EXTRACTED DATA →
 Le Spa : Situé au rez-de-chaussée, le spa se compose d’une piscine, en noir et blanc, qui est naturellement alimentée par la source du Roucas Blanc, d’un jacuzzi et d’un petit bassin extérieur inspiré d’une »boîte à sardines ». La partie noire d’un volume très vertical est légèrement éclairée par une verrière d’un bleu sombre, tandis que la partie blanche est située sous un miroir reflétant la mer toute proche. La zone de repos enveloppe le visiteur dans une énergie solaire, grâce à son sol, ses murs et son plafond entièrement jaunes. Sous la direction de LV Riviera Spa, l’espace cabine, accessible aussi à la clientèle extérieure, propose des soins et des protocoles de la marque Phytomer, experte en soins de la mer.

==

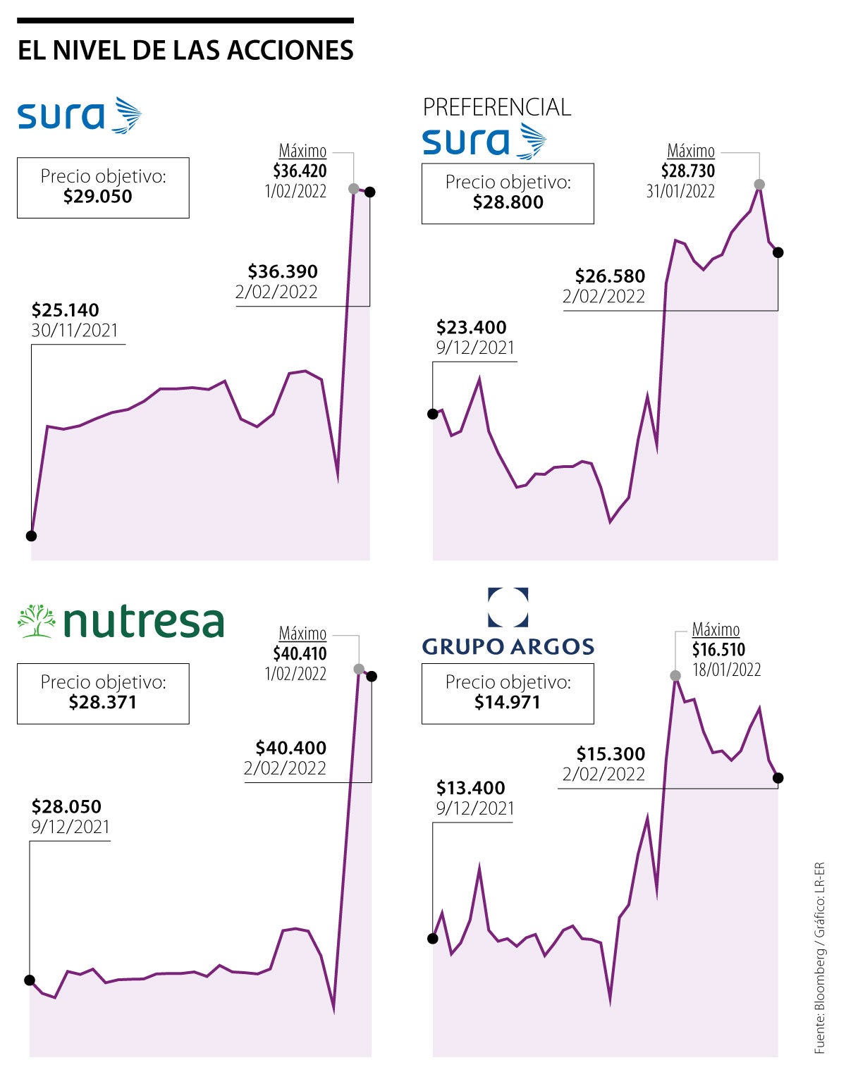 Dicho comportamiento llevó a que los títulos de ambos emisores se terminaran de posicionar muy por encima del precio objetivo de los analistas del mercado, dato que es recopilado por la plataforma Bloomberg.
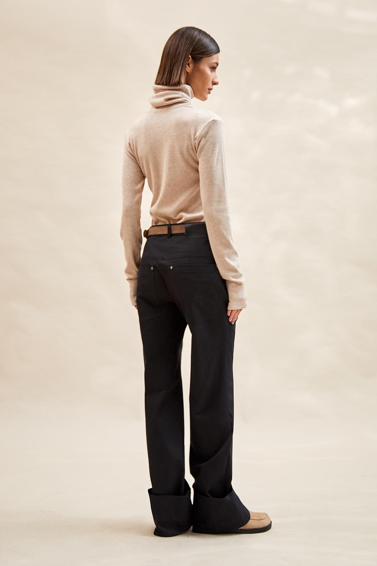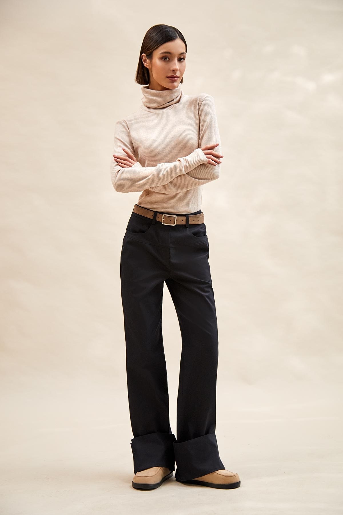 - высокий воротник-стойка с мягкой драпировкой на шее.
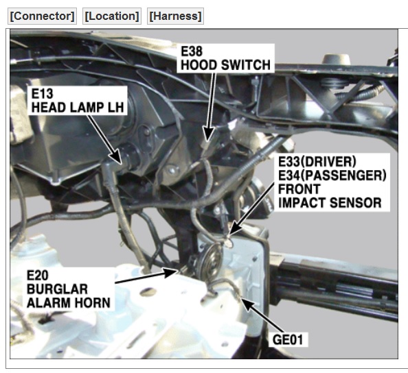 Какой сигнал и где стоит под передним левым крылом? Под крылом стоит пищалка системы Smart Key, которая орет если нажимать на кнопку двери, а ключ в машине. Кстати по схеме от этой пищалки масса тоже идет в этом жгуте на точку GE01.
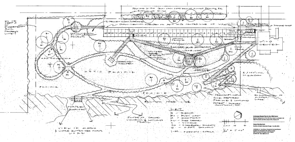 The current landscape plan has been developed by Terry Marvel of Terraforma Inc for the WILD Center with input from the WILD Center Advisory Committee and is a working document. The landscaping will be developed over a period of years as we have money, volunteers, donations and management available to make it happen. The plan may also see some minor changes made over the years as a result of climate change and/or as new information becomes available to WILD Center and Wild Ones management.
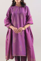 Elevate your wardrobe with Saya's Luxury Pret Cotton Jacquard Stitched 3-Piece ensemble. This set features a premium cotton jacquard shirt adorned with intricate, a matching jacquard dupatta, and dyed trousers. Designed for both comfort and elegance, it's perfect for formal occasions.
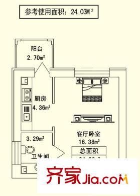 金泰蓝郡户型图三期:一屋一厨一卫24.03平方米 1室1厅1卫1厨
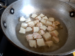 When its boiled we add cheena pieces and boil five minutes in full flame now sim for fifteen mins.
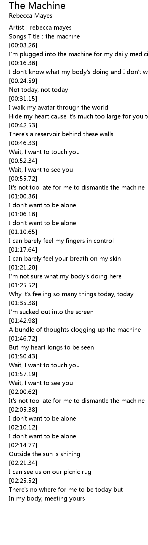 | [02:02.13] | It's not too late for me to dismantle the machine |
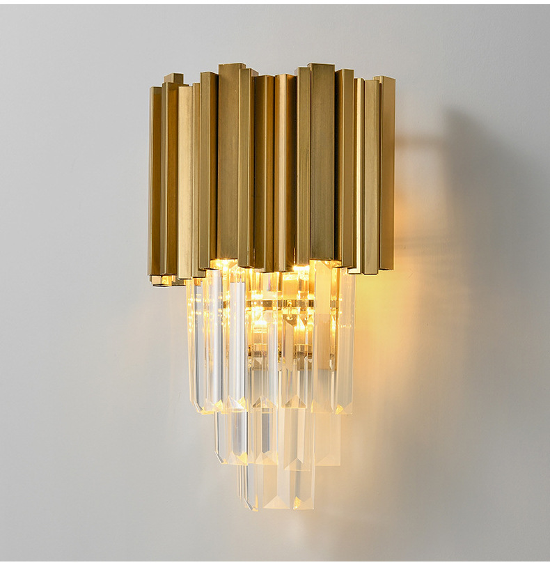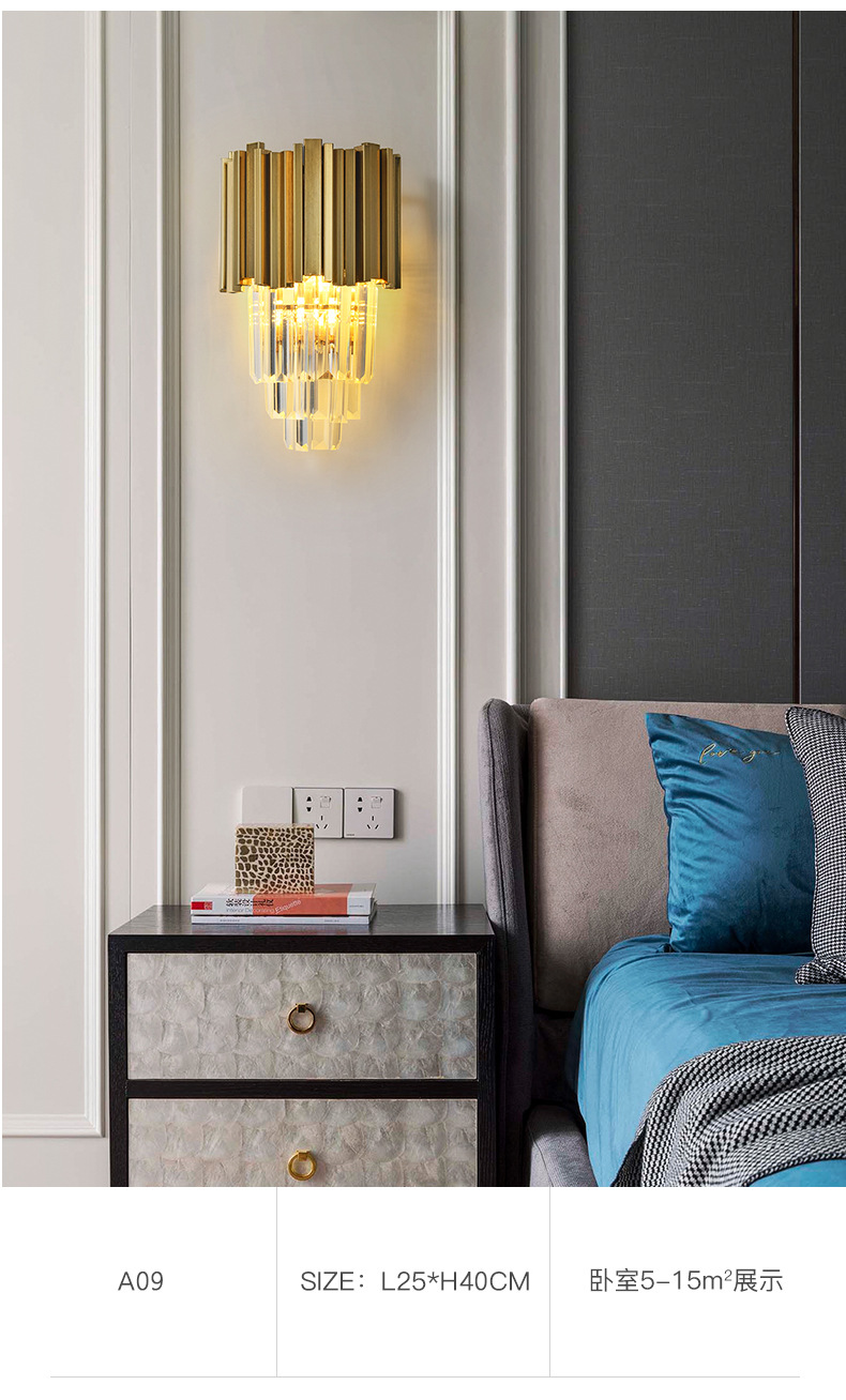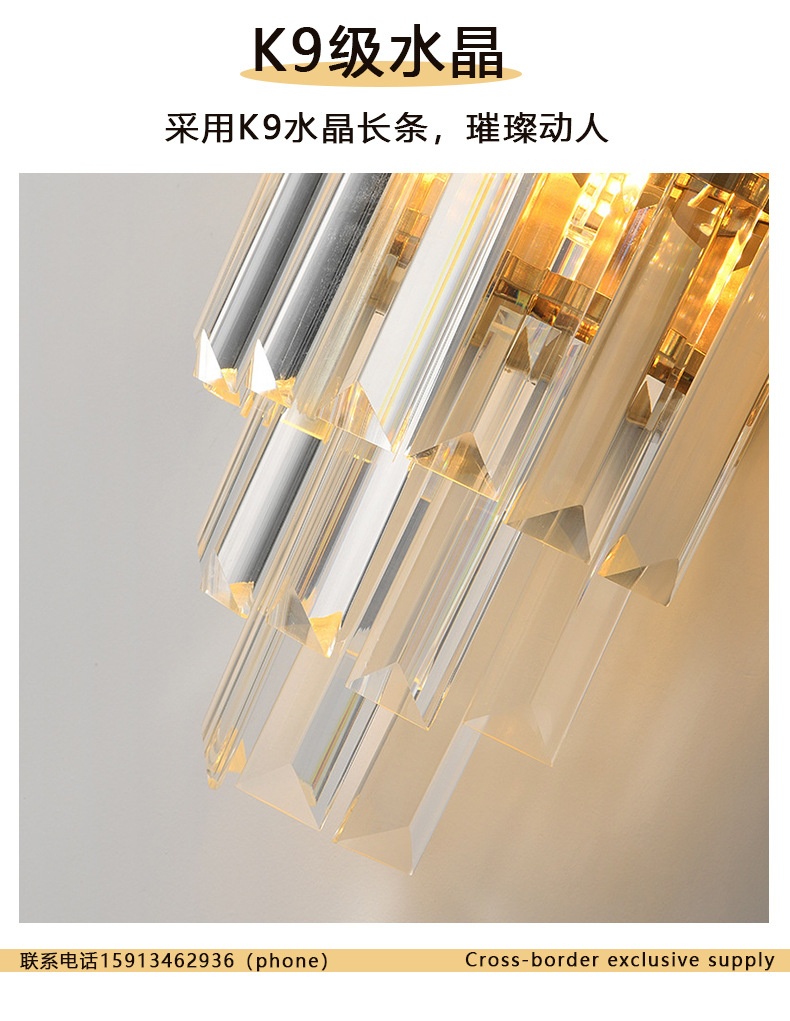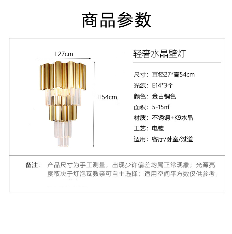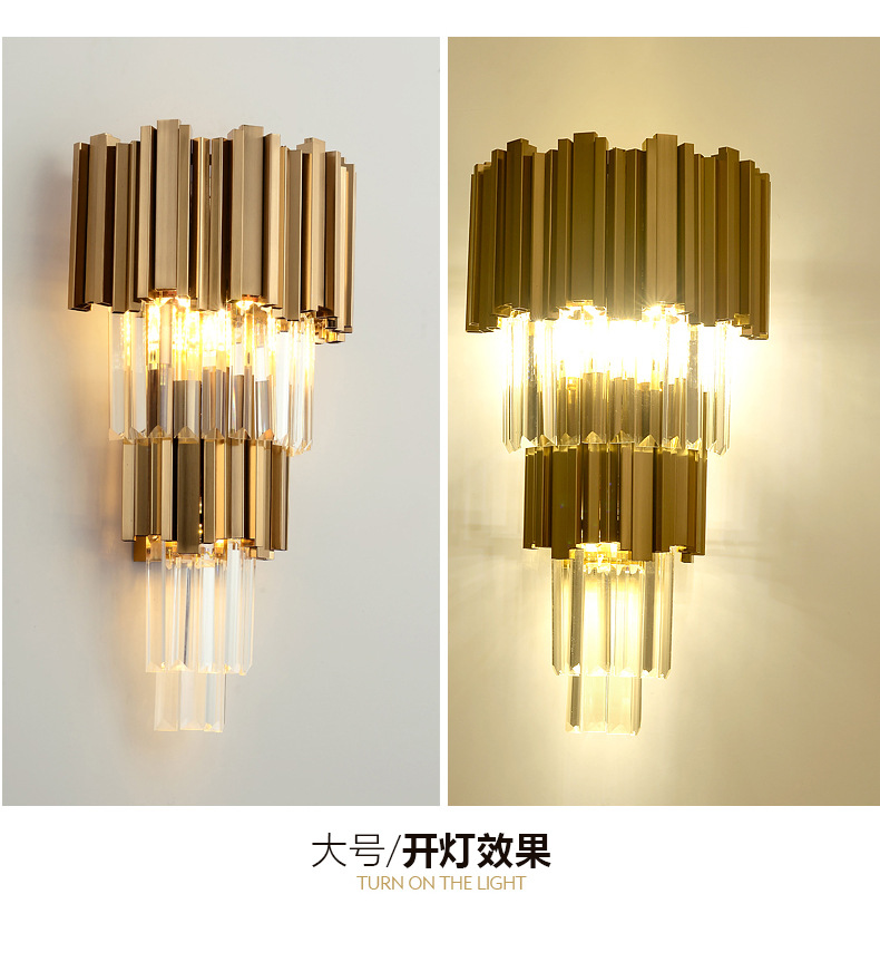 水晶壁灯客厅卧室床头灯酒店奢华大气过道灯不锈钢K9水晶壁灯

GOAL OF THE EXERCISE →
In the records above, copy exactly everything from the line that has "Dicho comportamiento llevó" down to the line that has "The current landscape", both ends included, and leave out the pictures.

OUTPUT →
 Dicho comportamiento llevó a que los títulos de ambos emisores se terminaran de posicionar muy por encima del precio objetivo de los analistas del mercado, dato que es recopilado por la plataforma Bloomberg.
 - высокий воротник-стойка с мягкой драпировкой на шее.
 Какой сигнал и где стоит под передним левым крылом? Под крылом стоит пищалка системы Smart Key, которая орет если нажимать на кнопку двери, а ключ в машине. Кстати по схеме от этой пищалки масса тоже идет в этом жгуте на точку GE01.
 The current landscape plan has been developed by Terry Marvel of Terraforma Inc for the WILD Center with input from the WILD Center Advisory Committee and is a working document. The landscaping will be developed over a period of years as we have money, volunteers, donations and management available to make it happen. The plan may also see some minor changes made over the years as a result of climate change and/or as new information becomes available to WILD Center and Wild Ones management.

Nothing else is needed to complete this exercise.